**TASK INSTRUCTIONS:** Before returning the data, strip out the pictures and keep everything else exactly the same.

**RECORDED DATA:**
:::
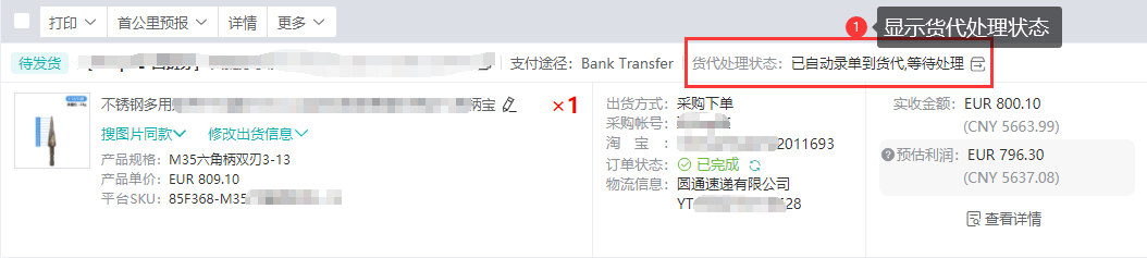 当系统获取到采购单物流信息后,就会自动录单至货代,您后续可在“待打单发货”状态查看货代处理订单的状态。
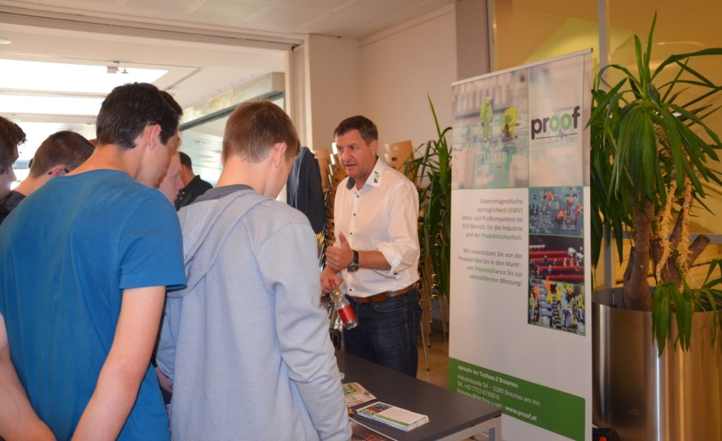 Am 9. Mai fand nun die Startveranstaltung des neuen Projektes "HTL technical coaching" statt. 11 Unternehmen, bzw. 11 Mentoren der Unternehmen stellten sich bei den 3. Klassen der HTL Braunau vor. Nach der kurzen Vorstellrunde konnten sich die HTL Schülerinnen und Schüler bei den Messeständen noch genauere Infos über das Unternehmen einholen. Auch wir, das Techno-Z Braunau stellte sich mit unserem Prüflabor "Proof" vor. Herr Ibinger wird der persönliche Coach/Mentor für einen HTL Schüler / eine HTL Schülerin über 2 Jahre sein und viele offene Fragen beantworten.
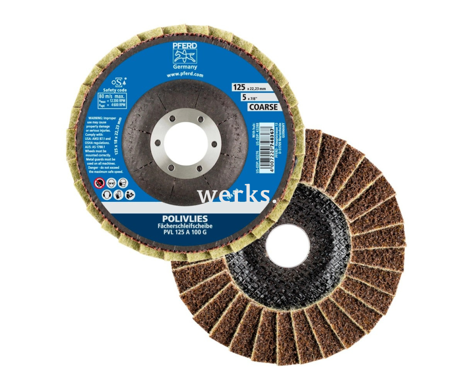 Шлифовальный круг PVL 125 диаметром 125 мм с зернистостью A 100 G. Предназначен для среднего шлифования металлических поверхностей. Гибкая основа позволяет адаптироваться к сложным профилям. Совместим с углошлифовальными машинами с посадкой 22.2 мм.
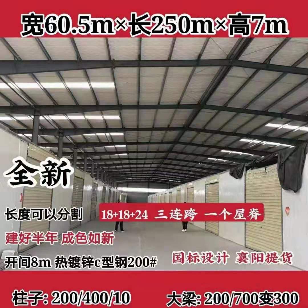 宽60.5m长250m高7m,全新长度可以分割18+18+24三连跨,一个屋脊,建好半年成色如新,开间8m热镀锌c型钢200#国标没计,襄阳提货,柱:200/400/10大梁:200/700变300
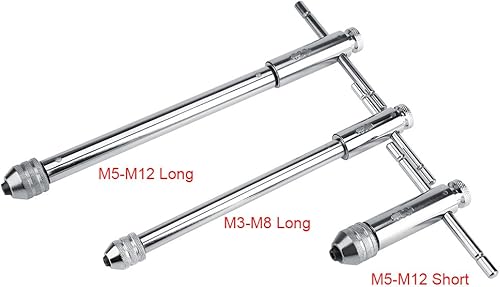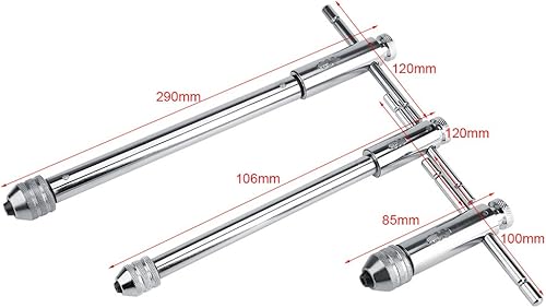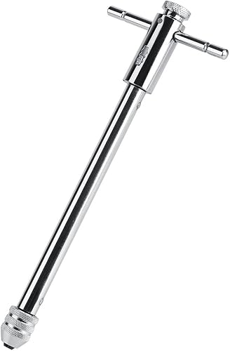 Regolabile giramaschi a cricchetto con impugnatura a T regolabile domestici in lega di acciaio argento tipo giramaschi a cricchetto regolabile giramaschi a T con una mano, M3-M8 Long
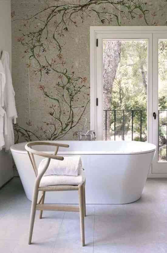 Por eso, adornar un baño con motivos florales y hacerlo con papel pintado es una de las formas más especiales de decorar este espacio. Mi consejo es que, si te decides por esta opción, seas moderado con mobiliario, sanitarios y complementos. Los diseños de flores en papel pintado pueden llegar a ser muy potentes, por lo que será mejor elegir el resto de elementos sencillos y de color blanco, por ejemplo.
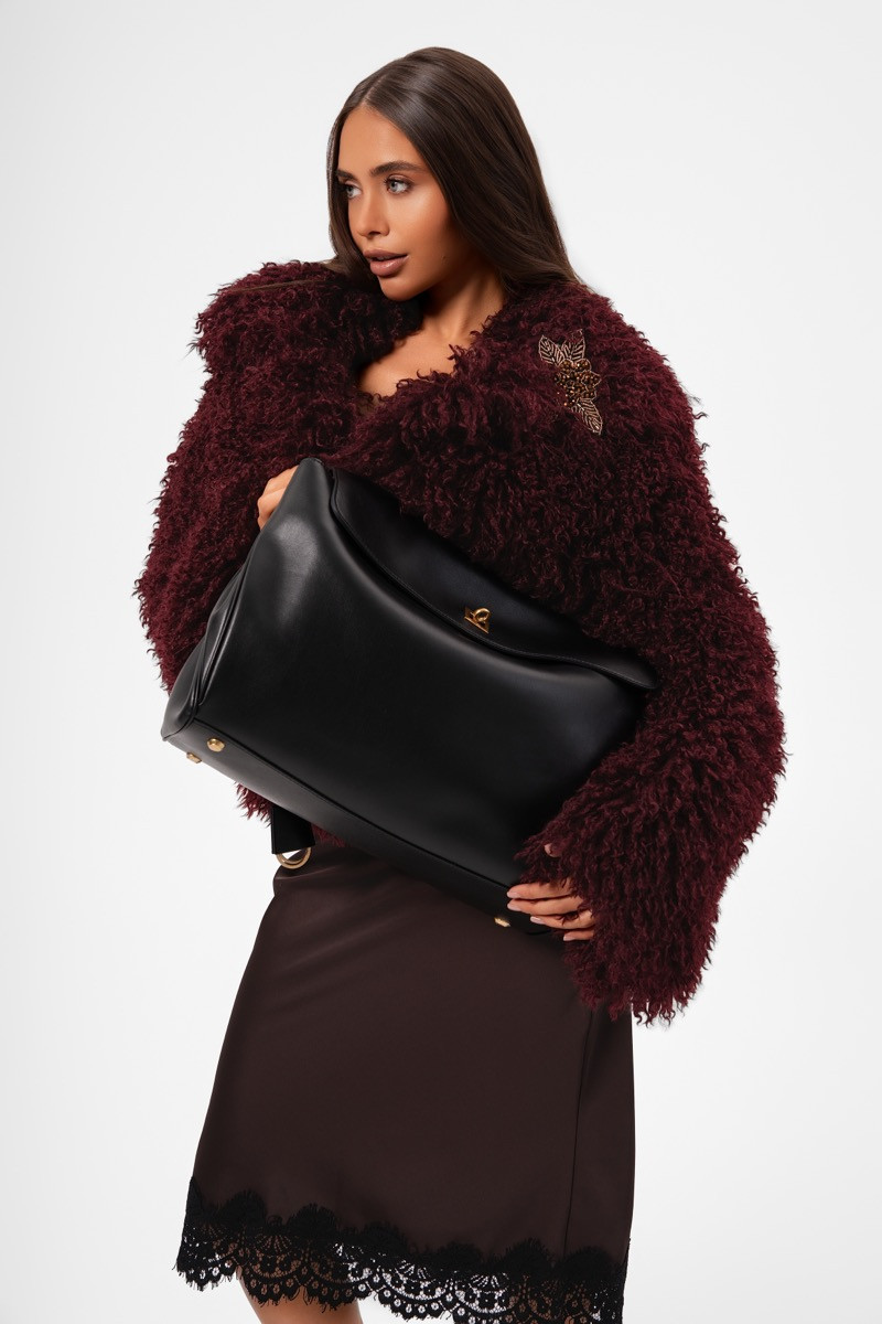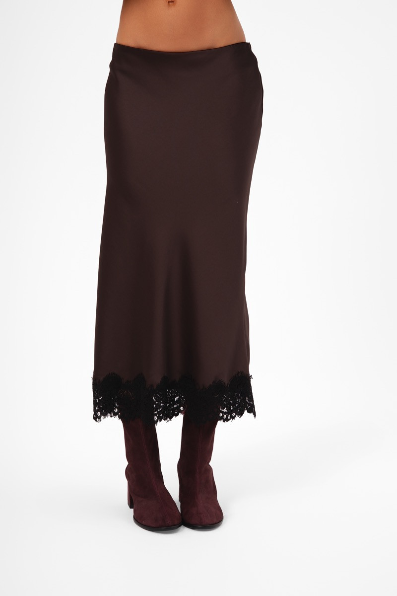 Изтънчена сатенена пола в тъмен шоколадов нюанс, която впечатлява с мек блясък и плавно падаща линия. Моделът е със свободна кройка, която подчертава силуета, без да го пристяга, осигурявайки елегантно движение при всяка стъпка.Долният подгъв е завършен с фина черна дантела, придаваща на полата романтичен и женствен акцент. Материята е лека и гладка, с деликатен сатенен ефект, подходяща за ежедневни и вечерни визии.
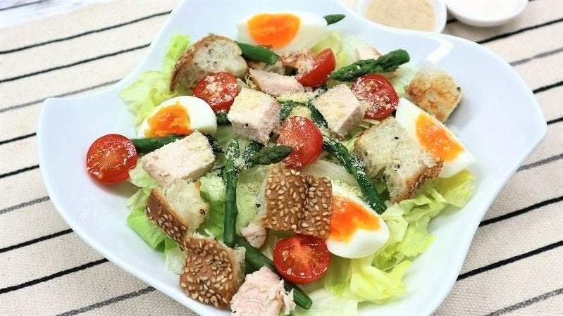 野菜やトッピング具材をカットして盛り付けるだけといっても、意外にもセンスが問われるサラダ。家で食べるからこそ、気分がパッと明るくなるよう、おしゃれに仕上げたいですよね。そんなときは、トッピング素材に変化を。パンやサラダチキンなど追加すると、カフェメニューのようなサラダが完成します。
:::
**TASK RESULT:**
 当系统获取到采购单物流信息后,就会自动录单至货代,您后续可在“待打单发货”状态查看货代处理订单的状态。
 Am 9. Mai fand nun die Startveranstaltung des neuen Projektes "HTL technical coaching" statt. 11 Unternehmen, bzw. 11 Mentoren der Unternehmen stellten sich bei den 3. Klassen der HTL Braunau vor. Nach der kurzen Vorstellrunde konnten sich die HTL Schülerinnen und Schüler bei den Messeständen noch genauere Infos über das Unternehmen einholen. Auch wir, das Techno-Z Braunau stellte sich mit unserem Prüflabor "Proof" vor. Herr Ibinger wird der persönliche Coach/Mentor für einen HTL Schüler / eine HTL Schülerin über 2 Jahre sein und viele offene Fragen beantworten.
 Шлифовальный круг PVL 125 диаметром 125 мм с зернистостью A 100 G. Предназначен для среднего шлифования металлических поверхностей. Гибкая основа позволяет адаптироваться к сложным профилям. Совместим с углошлифовальными машинами с посадкой 22.2 мм.
 宽60.5m长250m高7m,全新长度可以分割18+18+24三连跨,一个屋脊,建好半年成色如新,开间8m热镀锌c型钢200#国标没计,襄阳提货,柱:200/400/10大梁:200/700变300
 Regolabile giramaschi a cricchetto con impugnatura a T regolabile domestici in lega di acciaio argento tipo giramaschi a cricchetto regolabile giramaschi a T con una mano, M3-M8 Long
 Por eso, adornar un baño con motivos florales y hacerlo con papel pintado es una de las formas más especiales de decorar este espacio. Mi consejo es que, si te decides por esta opción, seas moderado con mobiliario, sanitarios y complementos. Los diseños de flores en papel pintado pueden llegar a ser muy potentes, por lo que será mejor elegir el resto de elementos sencillos y de color blanco, por ejemplo.
 Изтънчена сатенена пола в тъмен шоколадов нюанс, която впечатлява с мек блясък и плавно падаща линия. Моделът е със свободна кройка, която подчертава силуета, без да го пристяга, осигурявайки елегантно движение при всяка стъпка.Долният подгъв е завършен с фина черна дантела, придаваща на полата романтичен и женствен акцент. Материята е лека и гладка, с деликатен сатенен ефект, подходяща за ежедневни и вечерни визии.
 野菜やトッピング具材をカットして盛り付けるだけといっても、意外にもセンスが問われるサラダ。家で食べるからこそ、気分がパッと明るくなるよう、おしゃれに仕上げたいですよね。そんなときは、トッピング素材に変化を。パンやサラダチキンなど追加すると、カフェメニューのようなサラダが完成します。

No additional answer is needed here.